Work task:
For the material below, the expected output is exactly the lines between the line holding "为进一步深入学习、贯彻落实党" and the line holding "El verbo einnageln, conjugado", inclusive, with pictures left out.

Data shown:
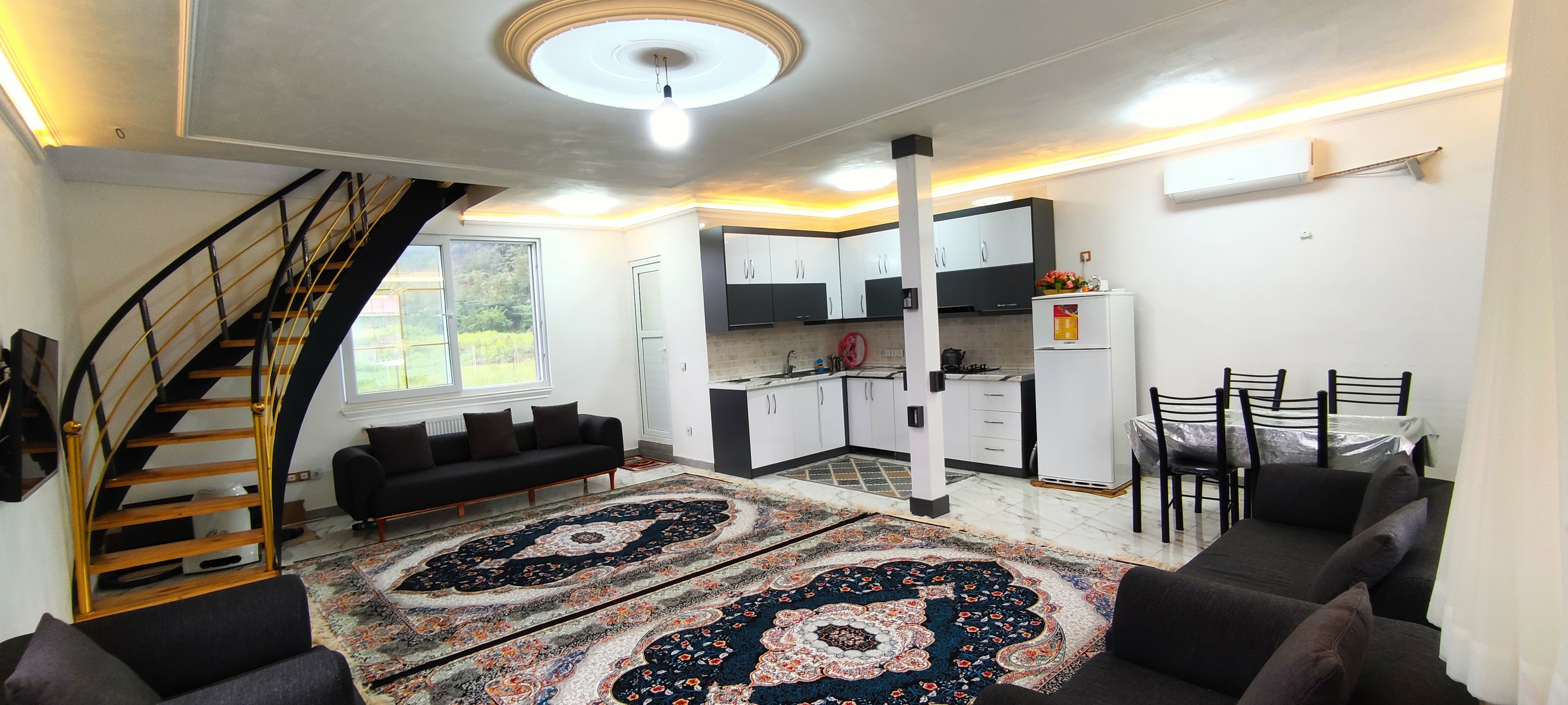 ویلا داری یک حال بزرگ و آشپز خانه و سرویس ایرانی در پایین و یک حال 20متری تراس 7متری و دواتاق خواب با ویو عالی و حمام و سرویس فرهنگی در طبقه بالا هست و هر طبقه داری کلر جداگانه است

---

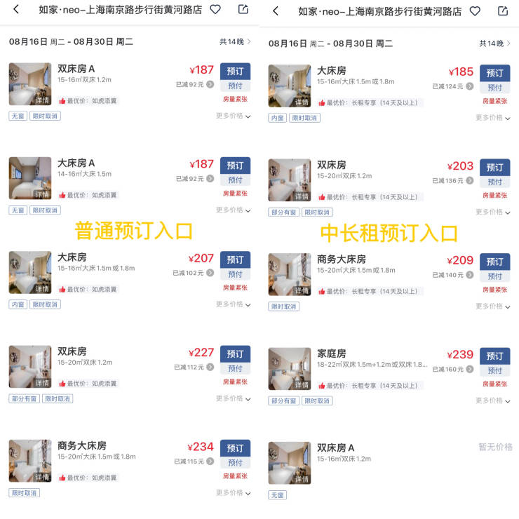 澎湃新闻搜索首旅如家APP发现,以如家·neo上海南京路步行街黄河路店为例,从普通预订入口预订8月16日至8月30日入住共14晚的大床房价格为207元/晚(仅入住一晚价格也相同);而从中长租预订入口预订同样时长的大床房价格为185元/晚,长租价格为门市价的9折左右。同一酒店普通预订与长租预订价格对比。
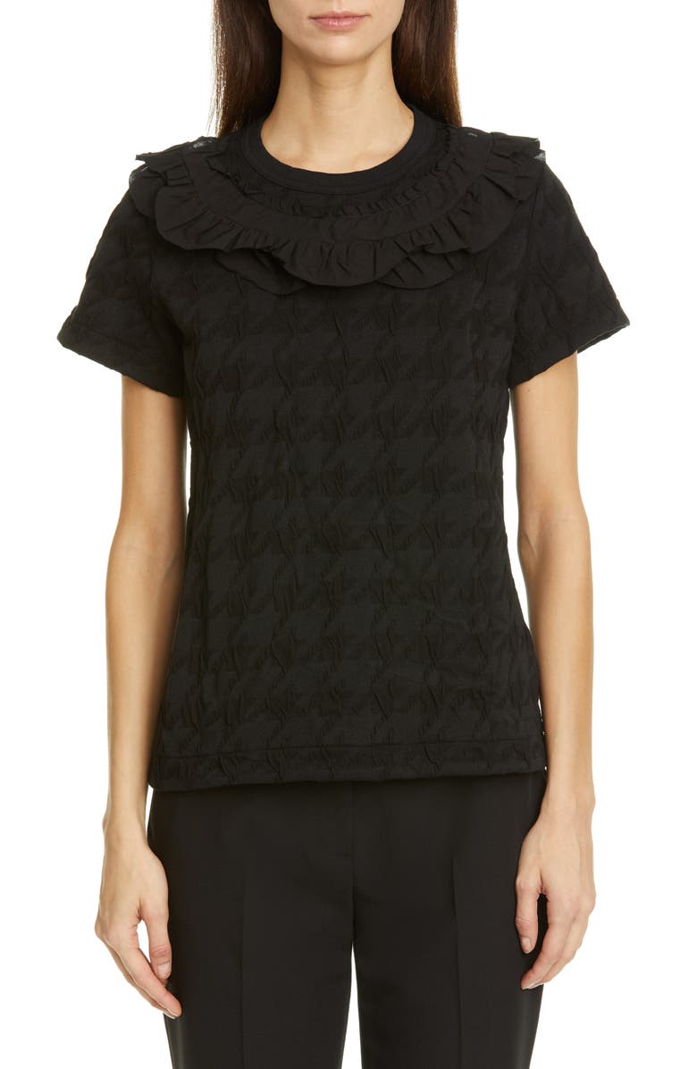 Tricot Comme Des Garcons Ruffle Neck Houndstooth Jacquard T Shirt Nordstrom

* * *

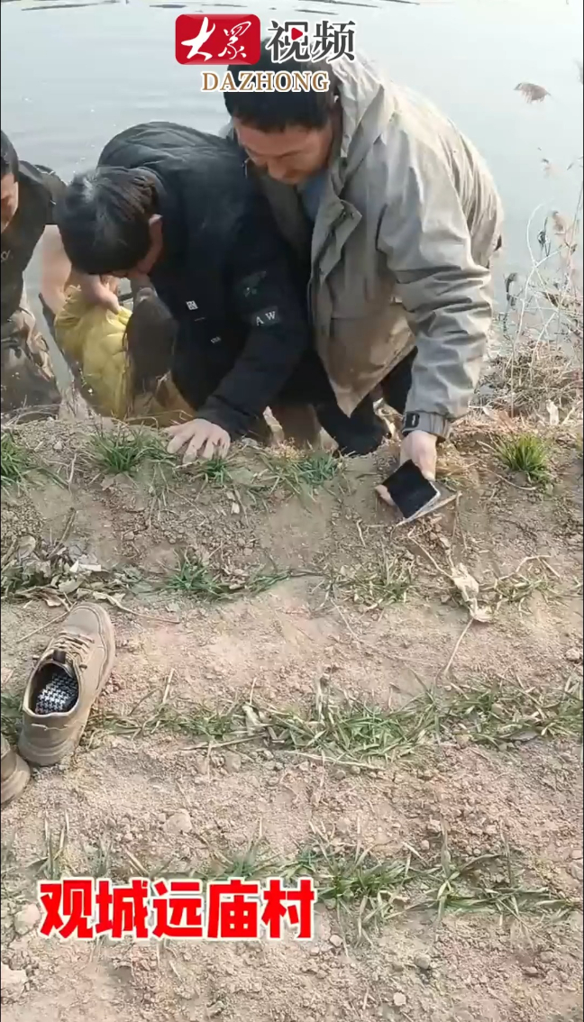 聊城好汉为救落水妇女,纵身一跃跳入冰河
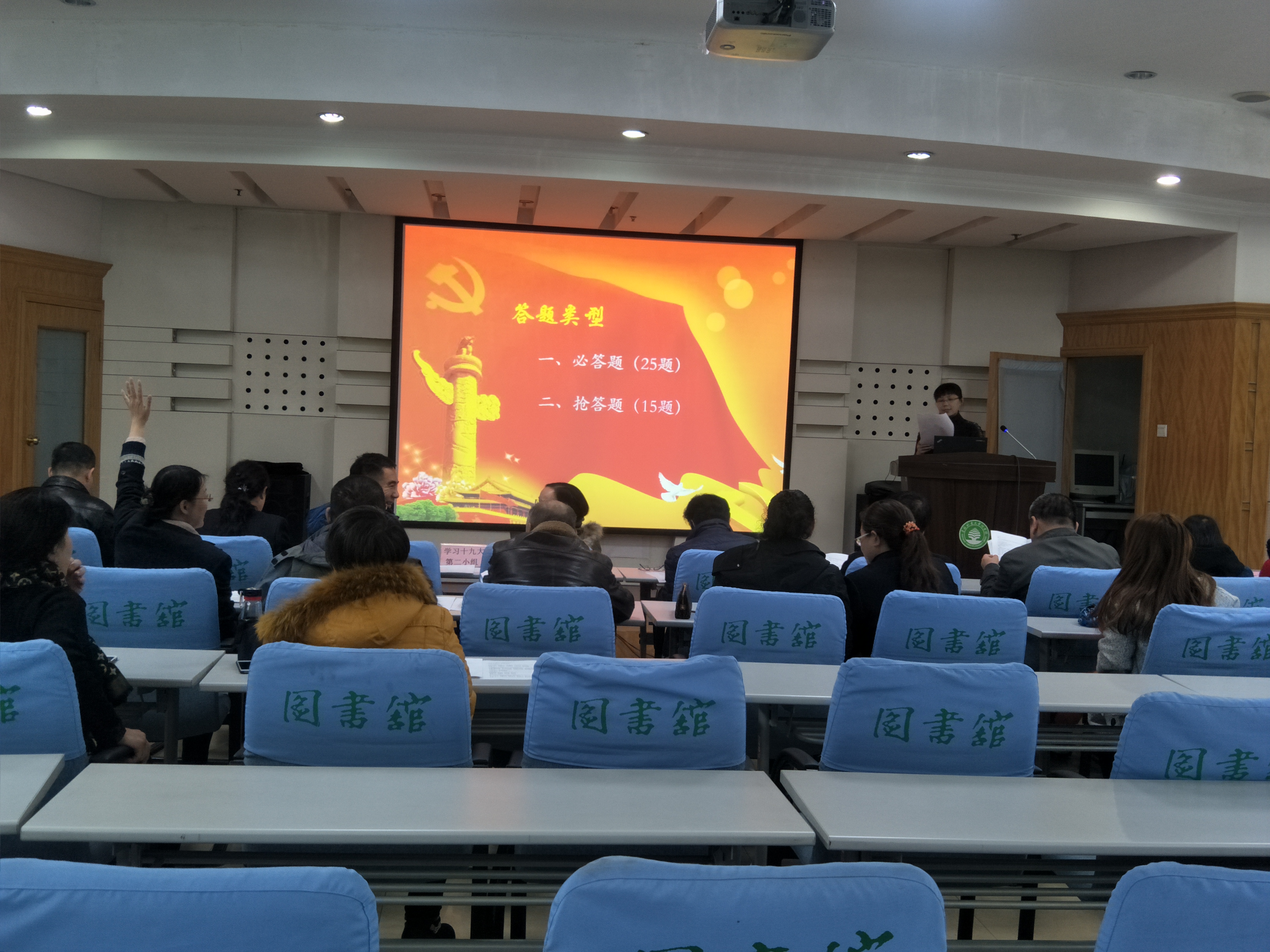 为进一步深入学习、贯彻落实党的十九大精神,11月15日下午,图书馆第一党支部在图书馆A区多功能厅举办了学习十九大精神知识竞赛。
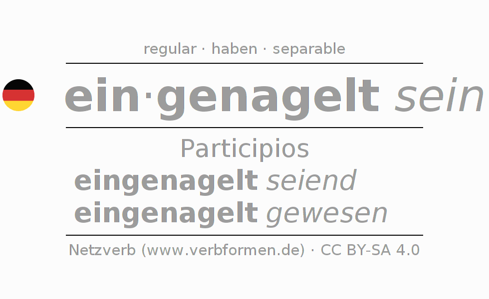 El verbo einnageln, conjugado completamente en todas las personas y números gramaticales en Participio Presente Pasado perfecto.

Expected output:
 为进一步深入学习、贯彻落实党的十九大精神,11月15日下午,图书馆第一党支部在图书馆A区多功能厅举办了学习十九大精神知识竞赛。
 El verbo einnageln, conjugado completamente en todas las personas y números gramaticales en Participio Presente Pasado perfecto.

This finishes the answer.